While these are significant advantages, biological judgement is required when interpreting denoised amplicon data. For example, how many of the denoised amplicon sequences could confidently be classified to species level? To what extent does this depend on the completness and accuracy of the 16S rRNA reference databases?
Another interesting point to consider is that the three samples analyzed in this session were drawn from a mock community made up of 36 bacterial species.
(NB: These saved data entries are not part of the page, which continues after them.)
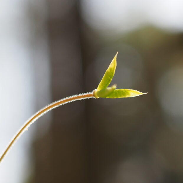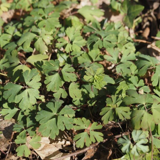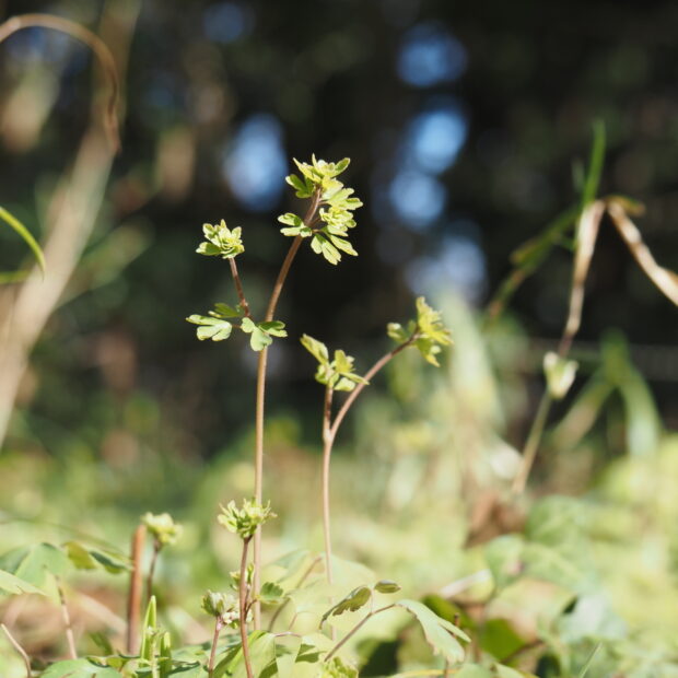 ヒメウズは多年草で、 冬の間は地面に張り付くように葉を茂らせて光合成をおこない、 3月ごろに花茎を伸ばして小さな花を咲かせます。 5月には種子を落とし、 地上部は枯れて、 秋の終わりごろまで地下で休眠する生活をしています。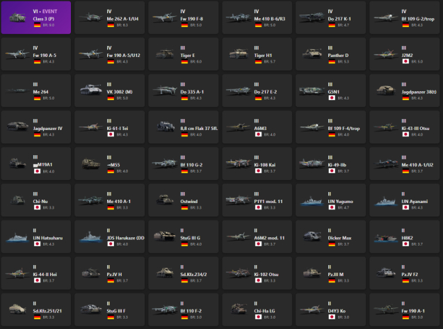 VI - 1 Class 3 (P), Me 262 A-1/U4, Fw 190 F-8, Me 410 B-6/R3, Do 217 K-1, Bf 109 G-2/trop, Fw 190 A-5, Fw 190 A-5/U12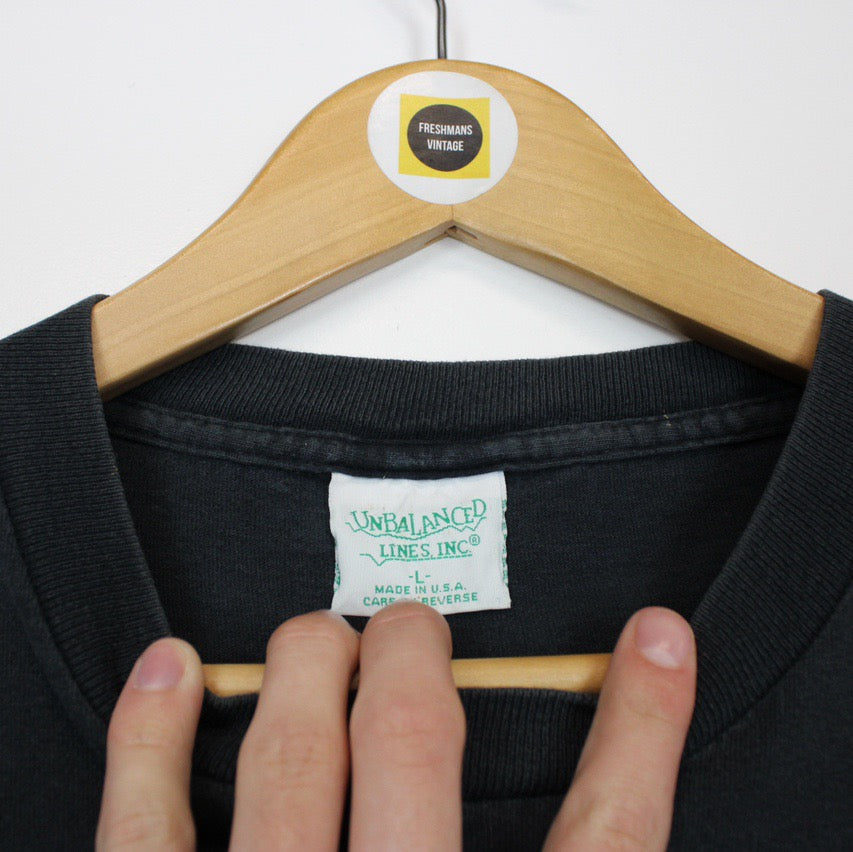 Vintage 1991 Las Vegas Raiders NFL Black USA Short Sleeve Spellout T-Shirt Size on label: Large Our recommended size: M/L Pit to pit (inches): 20.5 Length (inches): 27 All products listed are vintage unless stated otherwise in the description. These items are pre-loved and pre-worn, resulting in small signs of wear and sometimes minor flaws. We think this adds to their unique authenticity, but if an item has any bigger flaws these will be stated. Please contact us if you have any further questions!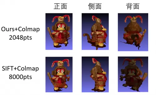 视觉图像匹配作为基础的计算机视觉能力,在其基础上可拓展众多的下游任务。如在图像检索中,可以通过image matching来检索到和Database中相似的图片,如图8所示。在SFM(Structure from motion)中,可以通过关键点匹配来获取摄像头外参并结合内参进行深度估计并重建出拍摄物体(如图9所示)。在图像跟踪与配准中,通过前后帧的匹配可以捕捉视频的运动轨迹,并针对目标物体进行视频跟踪与图像配准。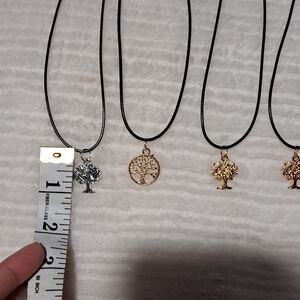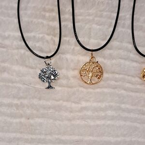 Discover the beauty of nature with this elegant necklace set featuring gold and silver tree pendants. Perfect for adding a touch of sophistication to any outfit.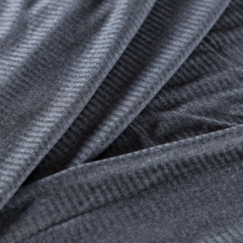 Трикотаж-лапша средней плотности, с высокой степенью эластичности, поверхность рельефная за счет эффекта резинки. С изнанки трикотаж гладкий, комфортный, подходит для использования без подклада. Сшить из такого полотна можно топы, лонгсливы, водолазки, платья,  юбки, брючные комплекты. Направление полос - вдоль линии кромки.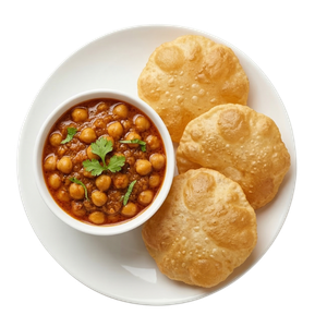 Ingredients: Kabuli chana, onion-tomato masala, refined flour (maida) puri, salt, oil.

The list of included species is given below:
Actinomyces naeslundii MG-1 | Akkermansia muciniphila | Bacteroides caccae |
Bacteroides vulgatus | Bifidobacterium dentium | Bifidobacterium longum subsp. infantis |
Corynebacterium accolens | Corynebacterium amycolatum | Corynebacterium matruchotti |
Enterococcus faecalis | Escherichia coli | Eubacterium brachy |
Faecalibacterium prausnitzii | Fusobacterium nucleatum subsp. nucleatum | Gardnerella vaginalis |
Lactobacillus crispatus | Lactobacillus gasseri | Lactobacillus iners |
Lactobacillus jensenii | Lautropia mirabilis | Moraxella catarrhalis |
Porphyromonas gingivalis | Prevotella melaninogenica | Prevotella nigrescens |
Prevotella oralis | Propionibacterium acnes | Rothia dentocariosa |
Ruminococcus lactaris | Staphylococcus aureus subsp. aureus | Streptococcus agalactiae |
Streptococcus mutans | Streptococcus pneumoniae | Streptococcus sanguinis |
Tannerella forsythia | Treponema denticola | Veillonella parvula |
How many ASVs were generated by DADA2 compared to the number of species in this community?
How many of the species above were identified by the different taxonomic classification approaches?
What happens when you run these three samples through the OTU pipeline introduced in the main session?
What happens when you increase the identity threshold used for OTU clustering from 97% to 99%?
One final point to consider when interpreting ASVs is that many bacteria contain multiple copies of the 16S gene that may vary in their sequence composition. The image below shows the observed (left) and predicted (right) frequency of nucleotide substitutions occurring across the seven (~1500bp) 16S genes present in the genome of Escherichia coli strain K-12 subst. MG1655. In total five of these seven 16S genes are unique, while the remaining two are identical.
How many E. coli ASVs were detected by DADA2?